Donigis arguments, on indigenous land rights, had received international attention, peaking with the United Nations General Assembly, which had passed a resolution, declaring that the indigenous people of any nation state, possessed an inalienable claim to land upon occupation and usage. 

Unfortunately his intellectual ability to logical reasoning could not find anchor the political masters of our nation, including the dinosaurs of PNG politics, particularly his own Sepik Kukurai, where he had difficulty in convincing that the land actually belonged to the indigenous inhabitants, including its other properties such as the vegetation and it's subsoil elements. 

In 2005, I called into his office at the UPNG, where he was tutoring in law, and probed him on the possibility of introducing amendments to the existing legislation particularly in relation to inorganic resources in minerals and hydrocarbons. He may have had a bad day, or his mind was engaged or something else was happening, but he reluctantly dismissed my notion of an amendment by pronouncing, his motion in court applying S. 19 of the constitution to interpret the relevant mining and petroleum laws in accordance with S. 53 to include the rights of indigenous customary land right holders. 

There was nothing I could do as a non lawyer, but to take my fight at the legislative front to rest my case, and to prove to Donigi that people power can be harnessed to change the legal framework for the better and faster route to restoring equitable rights. 

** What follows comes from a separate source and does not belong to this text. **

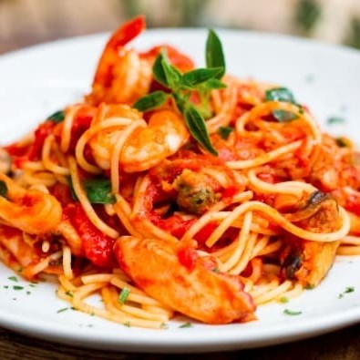 Espaguete ao molho sugo, com camarão, mexilhão, kani e lula. Finalizado com Mussarela.

Luck struck, on the 18 July, 2008, when I stumbled over Boka Kondra, the member for North Fly, who had presented a grievance debate on the misgivings of the gigantic Ok Tedi mine in the Star Mountains, which had little or no benefit for the indigenous land owners. 

I approached him, that day, and convinced him that, he had the privilege to move a private members bill to amend the Mining Act, to remove the state, and restore the indigenous land owners as the legitimate proprietors. 

Kondra accepted my proposal and gave me a blanket power of attorney to co ordinate the drafting of the amendments on the 03 of February, 2009.

I fired the instructions, to Pakgne Lawyers, to draft out the amendments to the Mining Act of 1992 and the Oil and gas Act of 1998.

The private members bills were sent to the parliamentary legal counsel for recourse, and had subsequently put on the notice paper for debate by the clerk of parliament. 

For presentation and elaboration, I could think of nobody, better than Donigi, and therefore rang him and invited him to the presentation at the state function room, where he authoritatively convinced those present that, such was the law. 

We endured a long campaign with him finally, drafting a master piece legislation, which Somare had shunned, and now O'Neill likewise. 

Boka Kondra got caught in the maze of self glorification and aborted the proposed amendments, in exchange for a cabinet post. 

With the death of the great champion of indigenous peoples land rights, I now declare war the puppets of foreign investors.